The project work for this year will be the (re)implementation and test of an existing clustering algorithm using one of the MPI, TBB or OpenCL technologies (possibly more than one, in some cases).

To this extent, a few papers are listed that explain parallel clustering algorithms, which the student should analyze and implement. In a few cases, there is already a parallel implementation that the student can attempt to parallelize using a different technology.
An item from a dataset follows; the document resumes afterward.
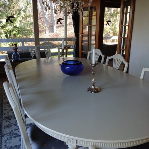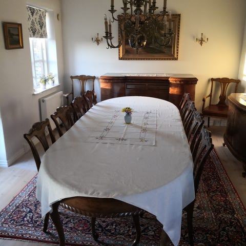 Spisestue i hvidmalet eg, med guldstafferinger i bladguld. Bord med 4 tillægsplader, skænk, skab, lille ovalt bord, 12 stole; 8 stole og 4 armstole. Stofsæderne er aftagelige.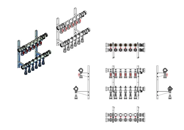 Kugelhähne mit Klemmverschraubung 32 mm im Vorlaufbalken, Durchlussanzeiger 4-15 l/min, integrierte Regulierventile und Klemmverchraubungen 32 mm im Rücklaufbalken, Spül-, Füll- und Entleerventil im Vor- und Rücklaufbalken, Doppelwandhalter 300mm

====What is expected from the project works====

The proposed implementation
  * must have a well recognizable, explicit parallel structure
  * must have an (expected) parallel performance model
  * must be verified with experiments
  * must be accompanied with a short report explaining the problem tackled, the choices made, the performance model; the report shall contain the experments results and analysis.

The student 
  * should be able to understand the parallel algorithm and implement/port it with the choosen support
  * can exploit libraries and data structures as needed
  * should be able to verify the program and its model with experimental data, identifying performance and scalability issues

Please contact the teacher :
  * In case you are stuck or miss datasets to test your program with.
  * If you need computing resources for running the experiments.
  * If you have a different proposal for you project 

//As stated many times before, obtaining the fastest program is not the absolute goal in this case. Being able to use a technology and understand its issues is as much important. Try to keep the balance.//

====Links to algorithms and papers====

  * The center for Ultra-Scale computing at Northwestern University has a page with references to parallel versions of the DBSCAN and OPTICS clustering algorithm (and PINK, a hierarchical clustering algorithm)\\ [[http://cucis.ece.northwestern.edu/projects/Clustering/index.html]] \\ Both MPI and OpenMP versions are provided there as source code and test data, start from the referenced papers and study the code in order to design a parallel version using TBB or OpenCL.
  * The paper [[http://www.hindawi.com/journals/ddns/2015/793010/|An Efficient MapReduce-Based Parallel Clustering Algorithm for Distributed Traffic Subarea Division]] \\ describes a map-reduce parallelization of K-means. Starting from this structured approach, is it possible to write a parallel implementation of K-means in MPI and TBB.  
  * The paper [[http://www.sciencedirect.com/science/article/pii/S1877050913003438| G-DBSCAN]] describes a parallel GPU-based DBSCAN implementation.